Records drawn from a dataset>
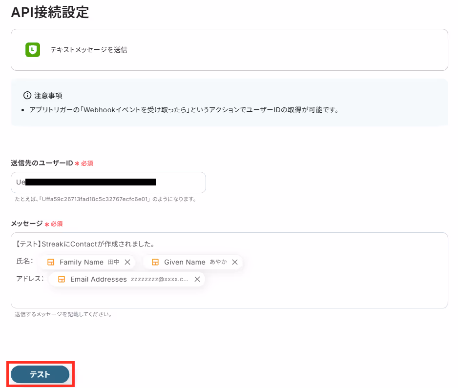 送信先のユーザーID:3.で取得したユーザーIDを入力します
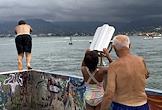Виды Батуми. Жанровая фотография. Отдыхающие у бинокля на набережной.
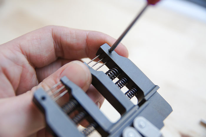 The spring tension of the tool can be adjusted to the density of the hammers making it easier to feel hard areas in the felt. Deficits in hammers originating from the factory voicing can be quickly located and rectified.
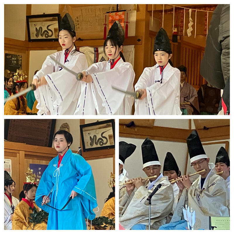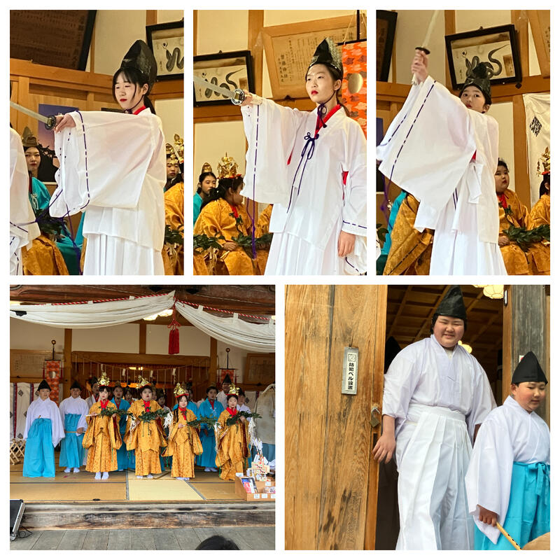 巫女舞には、5人の中学生が参加していました。うち2人の2年生は、これが最後となるようでした。
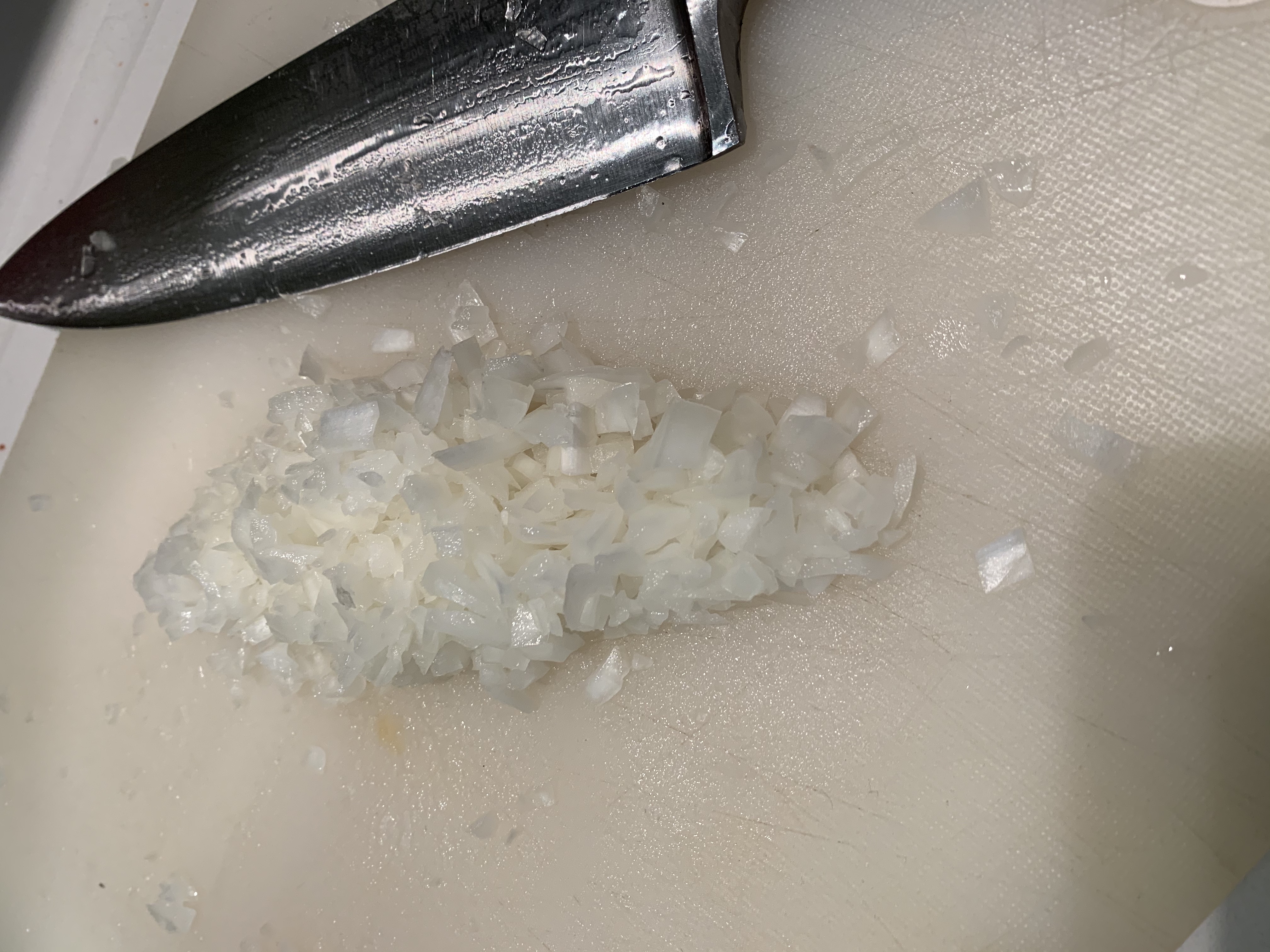 Nel frattempo mettiamo a bollire del brodo di pesce, circa un litro. prepariamo il soffritto pelando l’aglio e sminuzzandolo in piccoli pezzi e la cipolla.
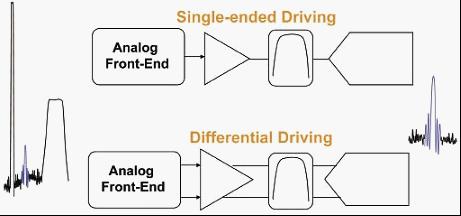 我們說差分信號(hào)鏈相對(duì)單端信號(hào)來講有很多優(yōu)勢(shì)。由于是差模信號(hào),輸出的是兩個(gè)差分信號(hào),實(shí)際上輸出的差模信號(hào)幅度相對(duì)擴(kuò)大了一倍,換一個(gè)角度來講,在同等輸出范圍條件下,工作電壓會(huì)更低。這樣,在要求低諧波失真的應(yīng)用中,就可以保證足夠的幅值余量。差分系統(tǒng)自身類似奇函數(shù)的特性可以消除系統(tǒng)中的偶次諧波項(xiàng),也就是說2次、4次、6次諧波等,在這些頻點(diǎn)上的諧波相對(duì)奇次諧波會(huì)很小甚至看不到。最后,由于信號(hào)的返回路徑不再是地平面,信號(hào)受地平面或是電源平面影響不是那么敏感,從而減少了噪聲的耦合引入,同時(shí)實(shí)現(xiàn)更好的抗電磁干擾效果。
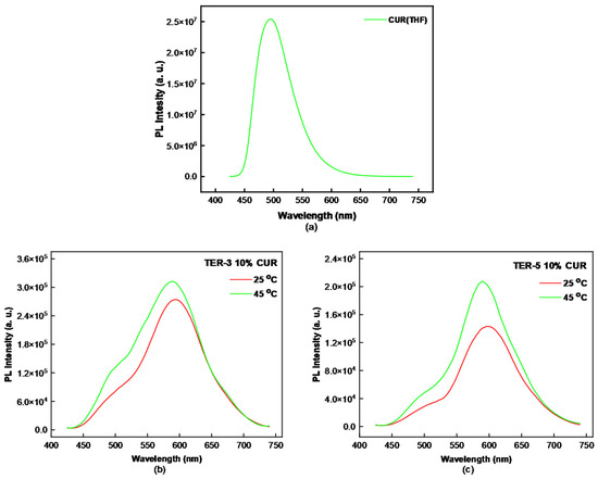 (a) Fluorescence of curcumin in THF (b) TER-3/CUR (c) TER-5/CUR mixed aggregates fluorescence signal as a function of temperature.
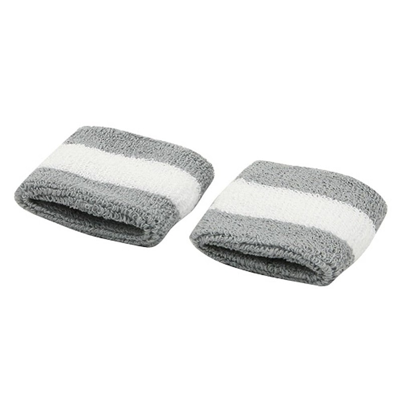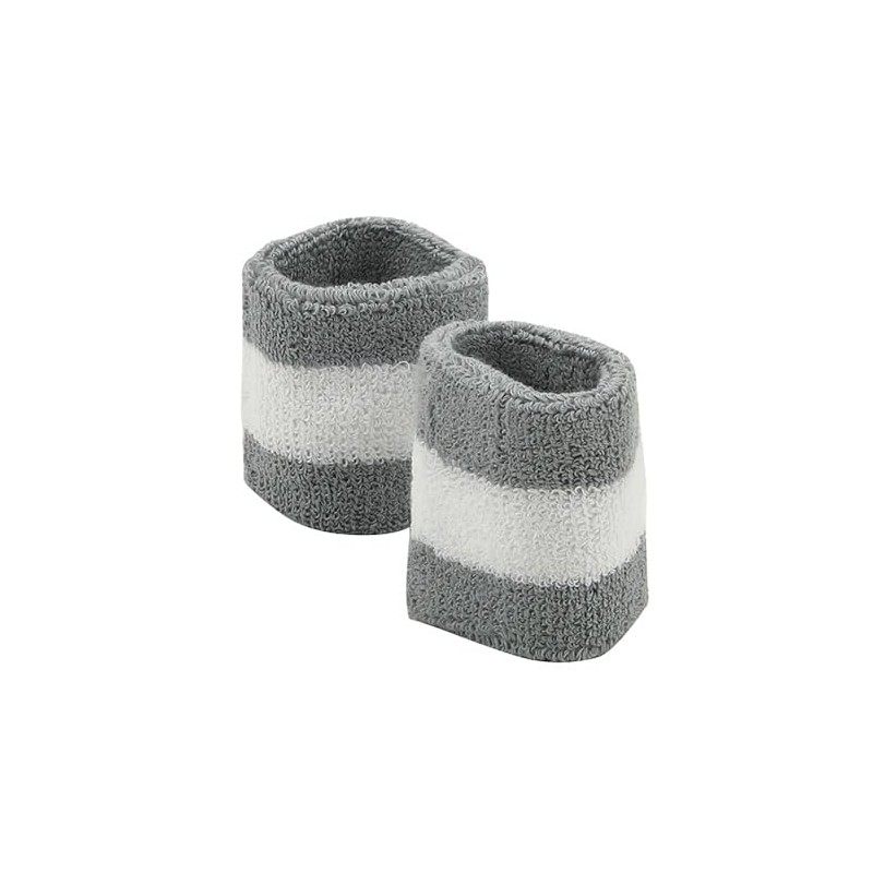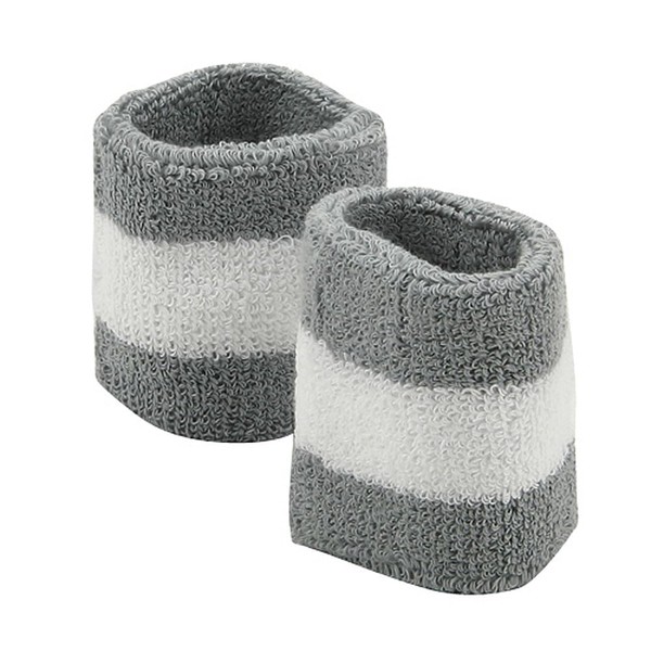 Terry Stripe Wristband Pair (Grey White, One Size)
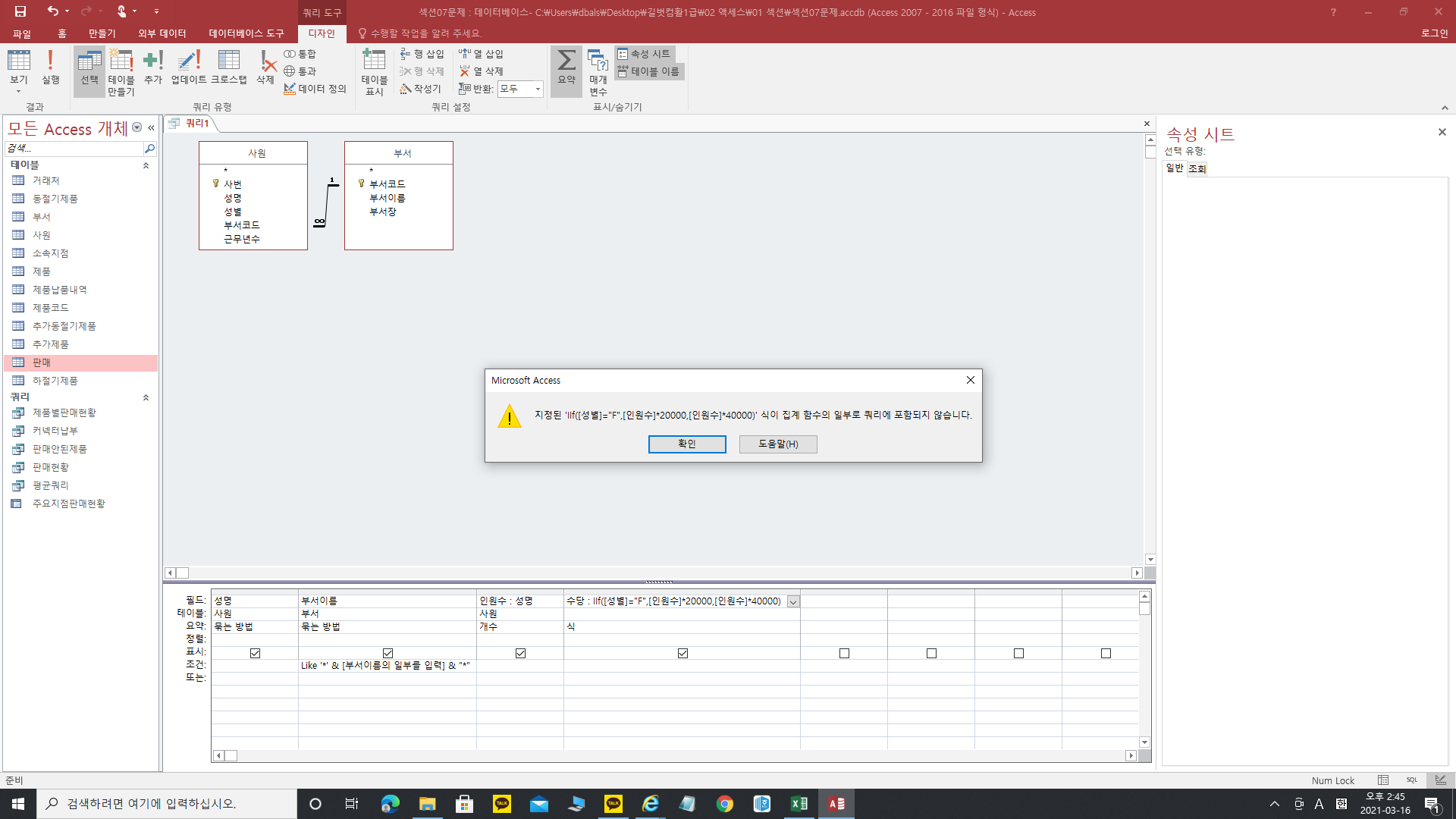 작성하신 액세스 파일 자체를 올려주세요. 파일을 봐야만 정확한 답변이 가능할 것 같네요.
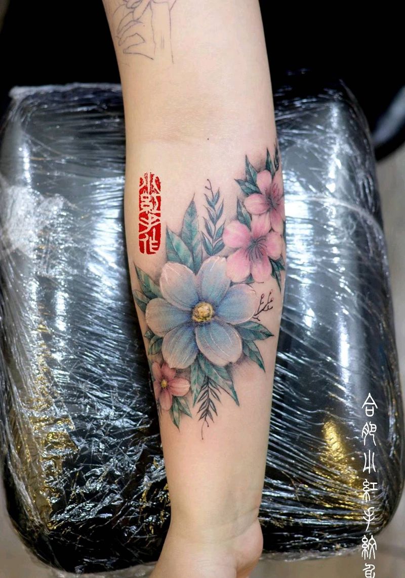 当前位置: 首页 >安徽省合肥市纹身店-小红手纹身工作室纹身图案>手臂小花彩花

Problem to work on>
Transcribe exactly and only the lines from the top of the records through the line containing "Nel frattempo mettiamo", inclusive, and do not copy the pictures.

Result below>
 送信先のユーザーID:3.で取得したユーザーIDを入力します
Виды Батуми. Жанровая фотография. Отдыхающие у бинокля на набережной.
 The spring tension of the tool can be adjusted to the density of the hammers making it easier to feel hard areas in the felt. Deficits in hammers originating from the factory voicing can be quickly located and rectified.
 巫女舞には、5人の中学生が参加していました。うち2人の2年生は、これが最後となるようでした。
 Nel frattempo mettiamo a bollire del brodo di pesce, circa un litro. prepariamo il soffritto pelando l’aglio e sminuzzandolo in piccoli pezzi e la cipolla.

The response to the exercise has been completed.